Leiden University’s annual ranking assesses the scientific performance of 938 universities in 55 countries or regions using several bibliometric indicators, including publication count, citations and collaboration. The latest figures were published on 16 May 2018.

Universities are ranked based on their contribution to articles and review papers in the Web of Science database in 2013–2016. The dataset only includes publications in English-language journals that have an international scope and reference other established journals.

Citation scores tally the number and proportion of papers that have been highly cited compared to other papers in their field, excluding self-citations. Collaboration indicators look at papers with co-authors in other institutions, such as in other countries and with industry.

Source: CWTS Leiden Ranking 2018 (All figures calculated using fractional counting)

In absolute terms, Harvard University was the most prolific and frequently cited institute on the list. Researchers at Harvard published 71,634 articles in 2013–2016, accumulating a fractional score of 33,045. About 22% of Harvard’s contribution was in the top 10% of highly cited papers, compared to 32% of Rockefeller's contribution.

Rockefeller and Harvard are among 37 universities from the United States in the top 100, ranked by their total fractional score. Among others present are 21 Chinese institutions, six from the United Kingdom, and five or fewer institutions each from more than a dozen other countries or regions.
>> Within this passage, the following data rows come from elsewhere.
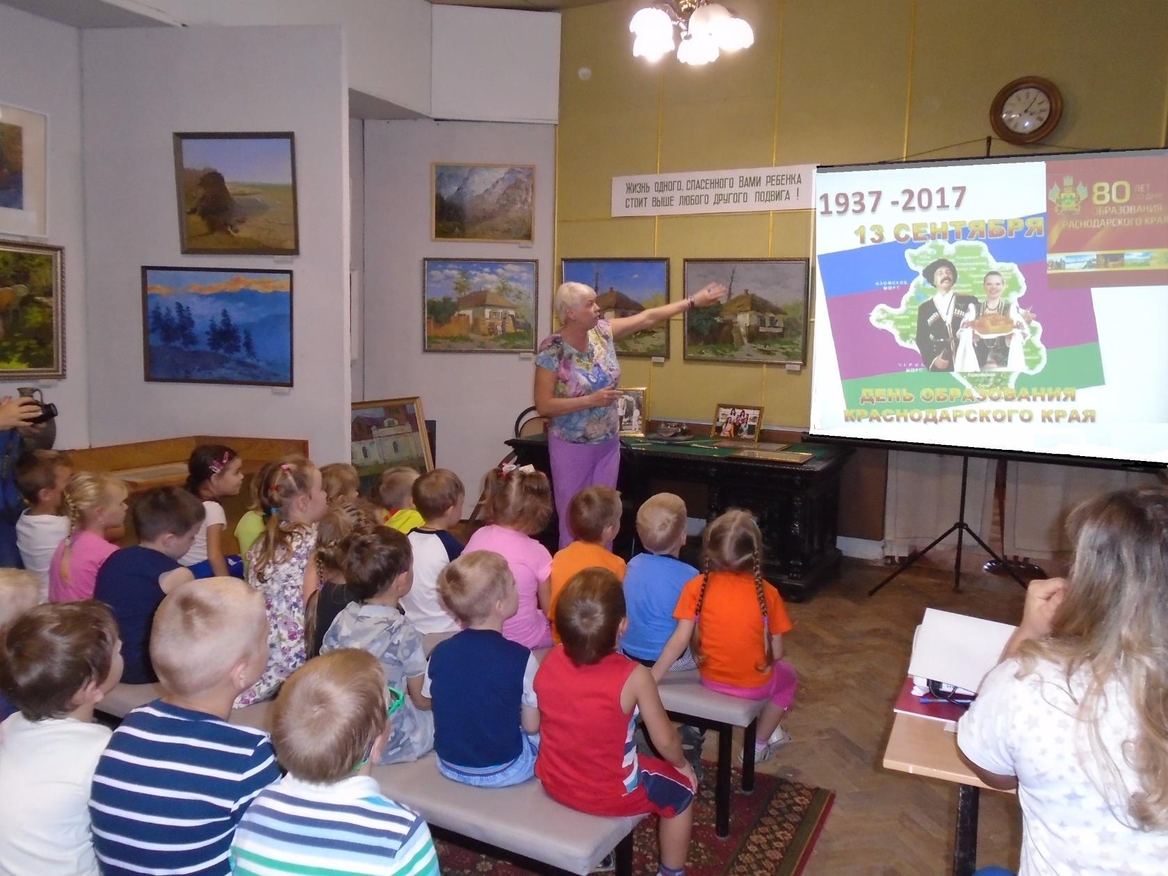 В день 80-летия Краснодарского края в историко-краеведческом музее им.М.М.Постернак для ребят состоялась презентация и тематическая экскурсия « С днем рождения, любимый край!», познавательно-развивающая игра по сбору пазлов «Костюм казака и казачки». Ребята активно участвовали в игре, а победители получили призы
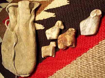 I stayed with my friend from grad school who happens to live 3 miles from The Dye Works! He is a Lakota Medicine Guy, one of my best friends for some 30 years now as we both got our Master's in Tibetan Language at Indiana U in the early 70s. A photo is attached of very old Navajo sheep fetish stones which came from a Navajo man in Mexico via a Yaqui Medicine Man then to my Lakota Medicine Guy friend, then to me for now. These stones are kept in the pollen bag by the owner as good luck and prosperity as these are the sheep of the Four Directions, of course! They are genuine spiritual ethnographic fethishes. The bag is their home and has pollen embedded inside it. Looking SW to The Navajo Rez and Weaving In Beauty -- Indy |
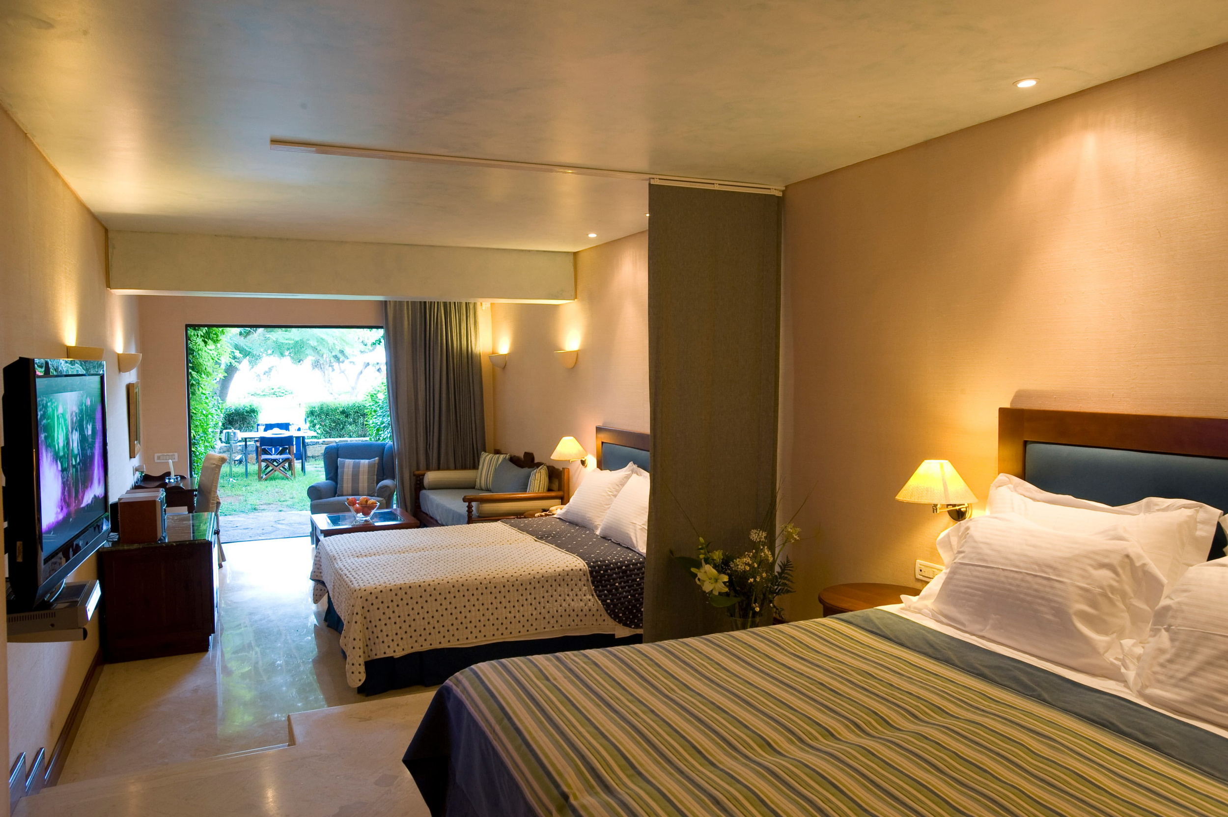 Elounda Bay Palace – живописный курорт, выполненный в архитектурном стиле Крита. Отель расположен в окружении тенистых садов на берегу Средиземного моря и занимает территорию в восемь гектаров. Идеально подходит для тех, кому нужен спокойный отдых в сочетании с первоклассным сервисом и самыми современными условиями проживания. На территории отеля два бассейна, три ресторана, три бара, три конференц-зала, три комнаты для переговоров, пять освещаемых теннисных кортов, центр водного спорта и школа подводного плавания. Пляж Elounda Bay Palace награжден престижным «Голубым флагом» за идеальное состояние и чистоту прибрежных вод. Гости отеля могут посещать рестораны и SPA-центр соседнего отеля Elounda Beach.
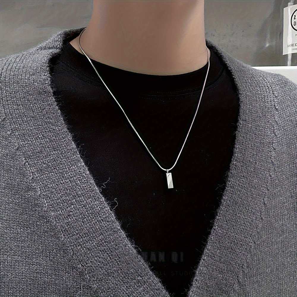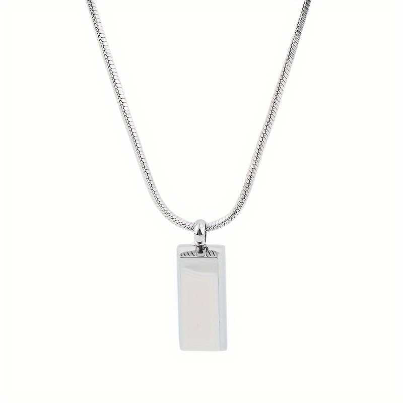 Men's Silver Plated Rectangle Pendant Necklace With Snake Chain
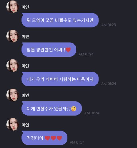 미연이 했던 말 같은 거 담은거라 미연이 본인 말 한마디 한마디 기억해 줘서 고맙다고 함..
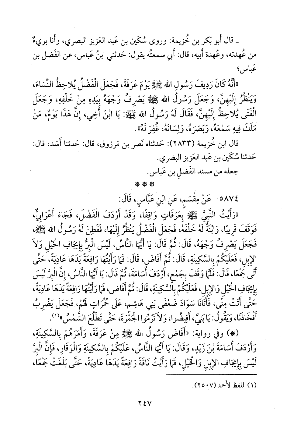«رأيت النبي صَلى الله عَليه وسَلم بعرفات واقفا، وقد أردف الفضل، فجاء أعرابي، فوقف قريبا، وابنة له خلفه، فجعل الفضل ينظر إليها، ففطن له رسول الله صَلى الله عَليه وسَلم فجعل يصرف وجهه، قال: ثم قال: يا أيها الناس، ليس البر بإيجاف الخيل ولا الإبل، فعليكم بالسكينة، قال: ثم أفاض، قال: فما رأيتها رافعة يدها عادية، حتى أتى جمعا، قال: فلما وقف بجمع، أردف أُسامة، ثم قال: يا أيها الناس، إن البر ليس بإيجاف الخيل والإبل، فعليكم بالسكينة، قال: ثم أفاض، فما رأيتها رافعة يدها عادية، حتى أتت منى، فأتانا سواد ضعفى بني هاشم، على حمرات لهم، فجعل يضرب أفخاذنا، ويقول: يا بني، أفيضوا، ولا ترموا الجمرة، حتى تطلع الشمس» (¬١).

Harvard’s scientific might does not extend to all fields. Chinese institutions account for nine of the top 10 institutions in physical sciences and engineering, as well as in mathematics and computer science. In first place on both lists is Tsinghua University.

The most collaborative universities are based in France, with 18 universities in the country publishing papers with another institution 90% of the time. Researchers at Paris Sorbonne University (Paris 4) co-authored papers with another institute in 99.5% of cases.
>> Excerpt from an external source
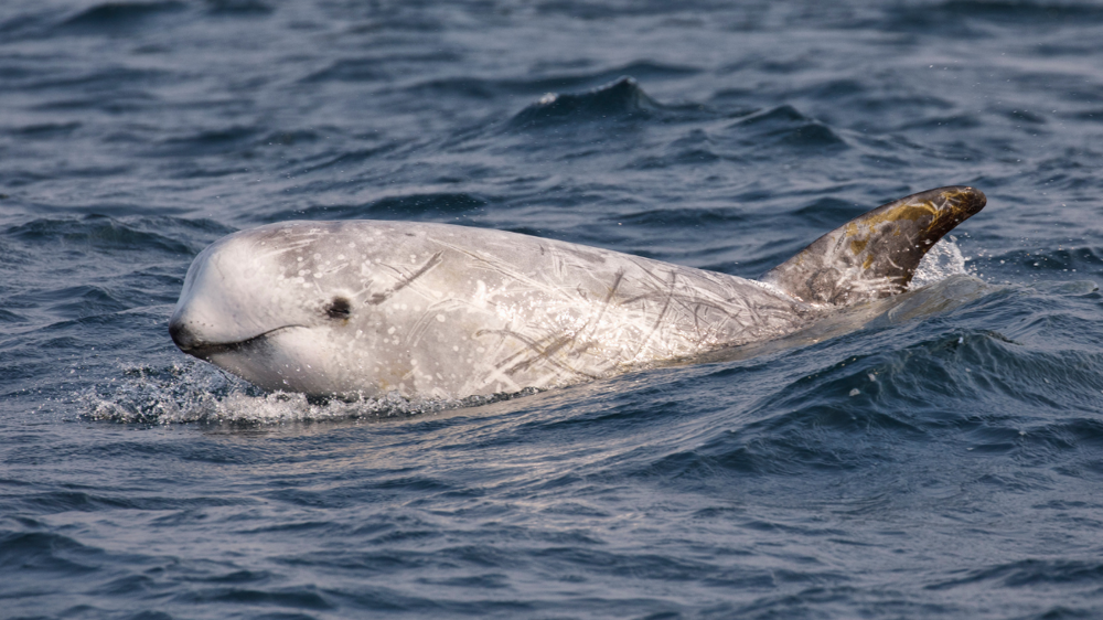 He may have been an orphan or an outcast, which partly explains his unusual behavior. He was the only Risso (gray dolphin) in the area.
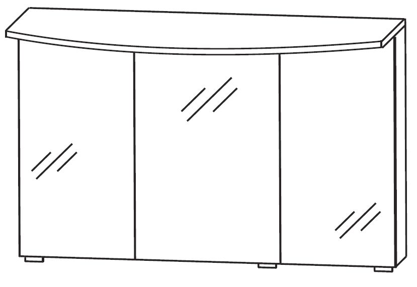 Puris Vuelta Badmöbel Spiegelschrank 120 cm breit S2A432S 2, Gesimsboden mit LED Beleuchtung. Der Puris Vuelta Spiegelschrank ist mit drei Spiegeltüren, Einlegeböden aus Glas, Schalter-Steckdosenelement und einem Gesimsboden mit LED-Beleuchtung ausgestattet. Der 120 cm breite Spiegelschrank aus der aktuellen Badserie Puris Vuelta lässt sich super mit dem Waschplatz aus der gleichen Serie kombinieren. Somit erhalten Sie ein stimmiges Bild im Bad.

But when it comes to working with international partners, researchers at King Abdulaziz University in Saudi Arabia seem to have mastered the art, with 91% of their papers including a co-author in another country. Two other universities in the kingdom are among the top five most internationally collaborative.

Three Chinese institutions are among the most inclined to partner with industry. A quarter of China University of Petroleum, Beijing’s papers were co-authored with an industrial organisation, 23% of papers from Southwest Petroleum University and 14% from China University of Petroleum, CUP East China.